11.18.2008

Angelic Incubus

Mornin'. (It's past 3am. I'm allowed to say that.)

I'm up essaying. I don't know why I always leave some essays to the last minute. It must be a right of passage in university. At least, that's what I'm telling myself.

I fell asleep earlier this afternoon and had a very vivid dream. Here's the gist of it:

The curtain parts and blinding lights flash, illuminating my entire body. As my eyes adjust, I see a stage, followed by thousands of people. My ears follow and the cheers are overwhelming. My eyes start to water, my smile widens, and I step further into the light. The band starts and I begin to sing, much better than I would have ever imagined, and the crowd is going crazy. The song finishes, I bow, extraordinarily happy, beaming actually. Now, skip ahead to after the show where my fans are waiting to get me to sign a copy of my first book. (If only I could have remembered the title, we'd be one step closer to this wonderful dream.) I sign quickly, smiling and thanking them, and eventually exit the building to enter a large sport utility vehicle, for whatever reason. I enter into the passenger seat as my adoring and gorgeous husband has come to pick me up. We exchange a kiss and he says "good show" to which I respond "thanks. The Sprout for dinner?" (The Sprout is a restaurant here in St. John's. Why on Earth we're still in St. John's is beyond me.) I smile again as we drive off, followed by something like a moose chasing us. It's a dream, what more do you want?

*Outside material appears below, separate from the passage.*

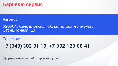 Барбекю сервис по адресу 620904, Свердловская область, Екатеринбург, Станционная, 1а в дальнейшем Организация, размещена в следующих категориях: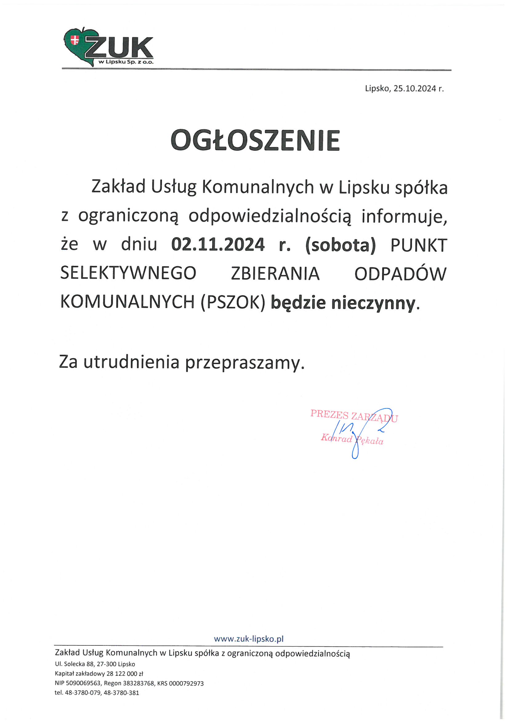 W dniu 02.11.2024 r. (sobota) PSZOK będzie nieczynny

Anyway, I think the dream is using my overactive ambition and imagination to create this ideal scenario that I will never live up to. I have to focus on the now; keep my goals in mind, of course, but I'm having a problem lately with really looking at the whole picture as of today. Therefore, back to my essay.

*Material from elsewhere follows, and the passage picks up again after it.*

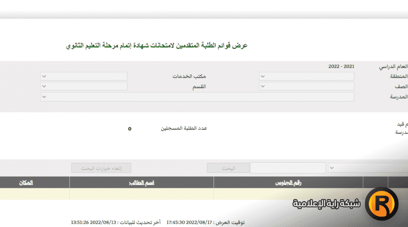 ويمكن الاستعلام عن رقم جلوس الشهادة الثانوية للطلبة في ليبيا عبر الدخول على الرابط المرفق في الأسفل، ثم تظهر قائم الطلبة المتقدمين لامتحانات شهادة إتمام مرحلة التعليم الثانوي، وفي البداية العام الدراسي 2021-2022.

(Damn, I wish I got that guy's number. If only he was driving an Aveo.)

--Jam

PS: Essaying is a word. Weird.
PPS: Wall-E comes out today! Oh. My. Jebus.
PPPS: Listen to "Run" by Leona Lewis. Here.
PPPPS: I realize an incubus is supposed to haunt women and I'm supposed to get a succubus. Somehow, the gay factor seems to make me think that I'd get an incubus. Well, let's hope at least.